PTC News Desk: The Reserve Bank of India's (RBI) Monetary Policy Committee unanimously decided to keep the policy repo rate at 6.5 percent at its December review meeting, maintaining the status quo for the fifth consecutive time.
When deliberating the policy statement on Friday morning, RBI Governor Shaktikanta Das cited decreasing inflation as a reason for keeping the policy stance unchanged.
Retail inflation in India eased further in October, supported by a relative decline in some sub-indexes. The October consumer price index (CPI) was 4.87 percent, down from 5.02 percent the previous month. Retail inflation in India, on the other hand, is within the RBI's 2-6 percent comfort zone but above the ideal 4 percent.
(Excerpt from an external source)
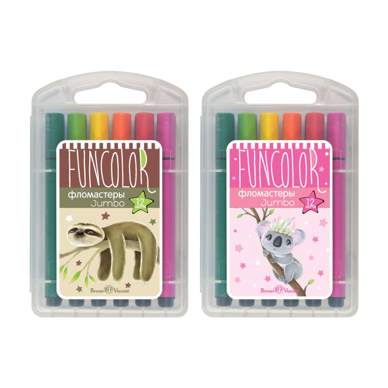 Фломастеры утолщенные Funcolor jumbo, наб. 12 цв.в пенале 2 вида, 32-0041
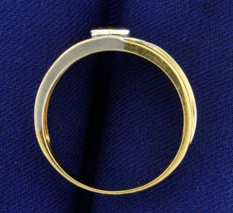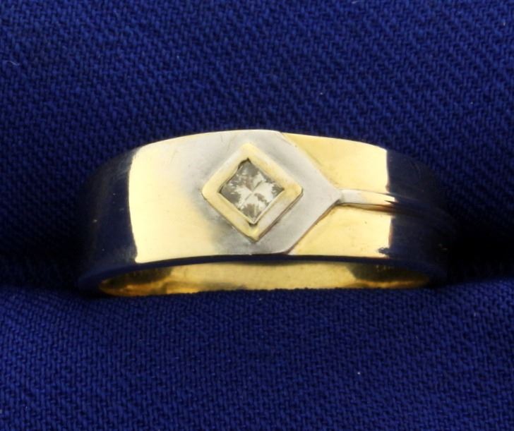 In 14k yellow and white gold. Contains a high quality .1 ct princess cut diamond, SI clarity/I color. Size 8 3/4 and 4.8mm wide. 3.8g.

Das also stated that the MPC decided by a majority of 5 out of 6 members to maintain its focus on gradually withdrawing accommodation to ensure that inflation over time aligns with the target while supporting growth.
Das also mentioned strong GDP growth in the second quarter.
During the July-September quarter of the current fiscal year 2023-24, the Indian economy grew 7.6 percent, keeping it as the fastest-growing major economy. The April-June quarter GDP growth in India was 7.8 percent.
The RBI's bimonthly monetary policy committee (MPC) meeting began on Wednesday. In a typical fiscal year, the RBI holds six bimonthly meetings to discuss interest rates, the money supply, the inflation outlook, and various macroeconomic indicators.
The monetary policy committee unanimously decided to keep the policy repo rate unchanged at 6.5 percent for the fourth time in a row at its October review meeting, thus maintaining the status quo.
It has kept the repo rate at 6.5 percent unchanged in the last four meetings. The repo rate is the interest rate at which the RBI lends to other banks.